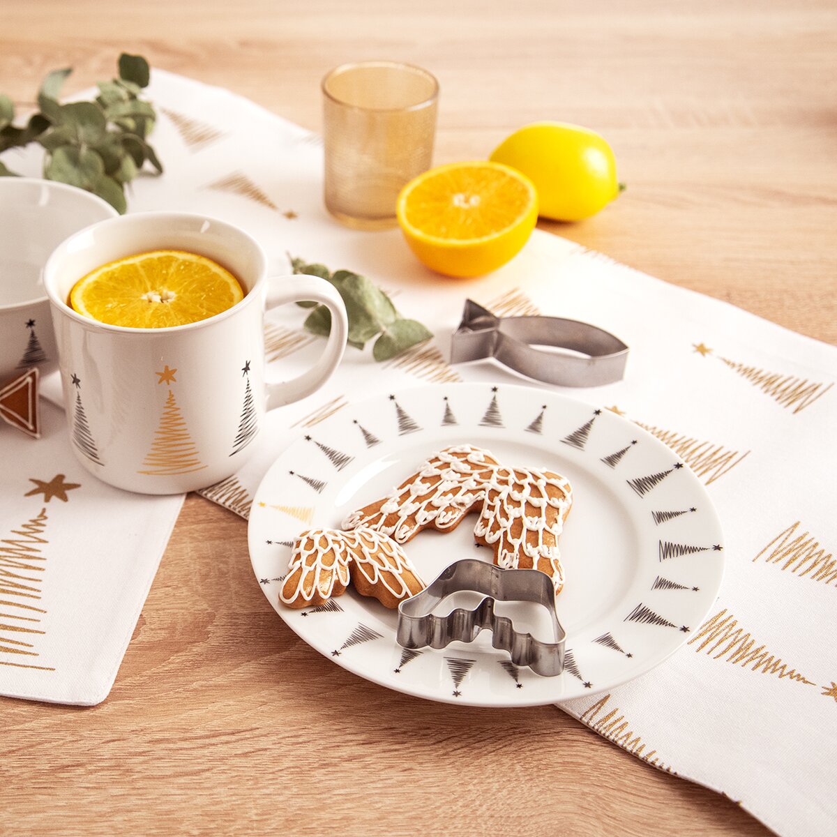 Kód produktu 728045Biely behúň s motívom zlatých stromčekov zo 100% bavlny ozdobí sviatočný stôl v kuchyni, jedálni aj obývacej izbe.
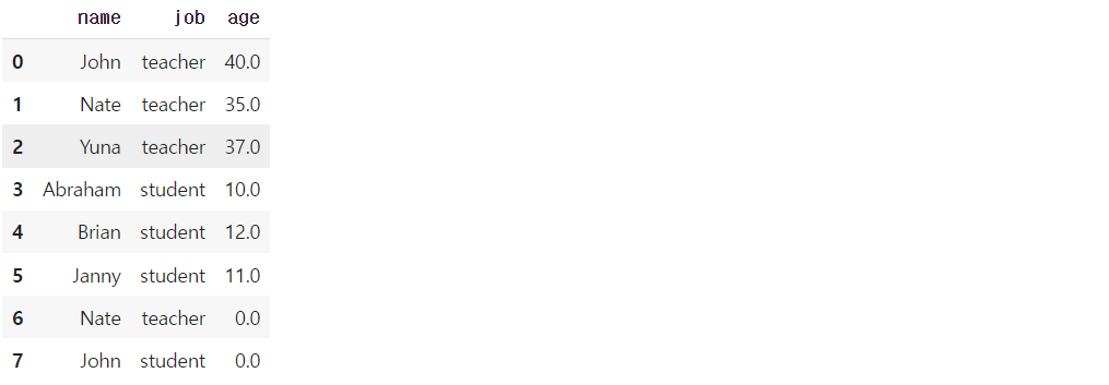 0으로 설정하기 보다는 선생님의 중간 나이, 학생의 중간 나이로, 각각의 직업군에 맞게 Null값을 변경해줍니다.
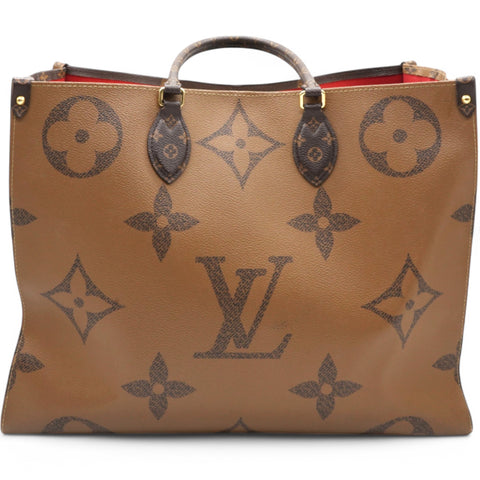 | This limited edition tote features oversized and smaller versions of the classic Louis Vuitton monogram printed in brown on coated canvas in beige. The bag features rolled top handles and long shoulder straps that can be tucked away inside the bag, accented with polished brass hardware. The top is open to a spacious red fabric interior with zipper and patch pockets. |

§ Exercise:
The lines wanted are those from the start of the material above through the line with "0으로 설정하기 보다는", both included; print them exactly and skip any picture.

§ Written answer:
 Kód produktu 728045Biely behúň s motívom zlatých stromčekov zo 100% bavlny ozdobí sviatočný stôl v kuchyni, jedálni aj obývacej izbe.
 0으로 설정하기 보다는 선생님의 중간 나이, 학생의 중간 나이로, 각각의 직업군에 맞게 Null값을 변경해줍니다.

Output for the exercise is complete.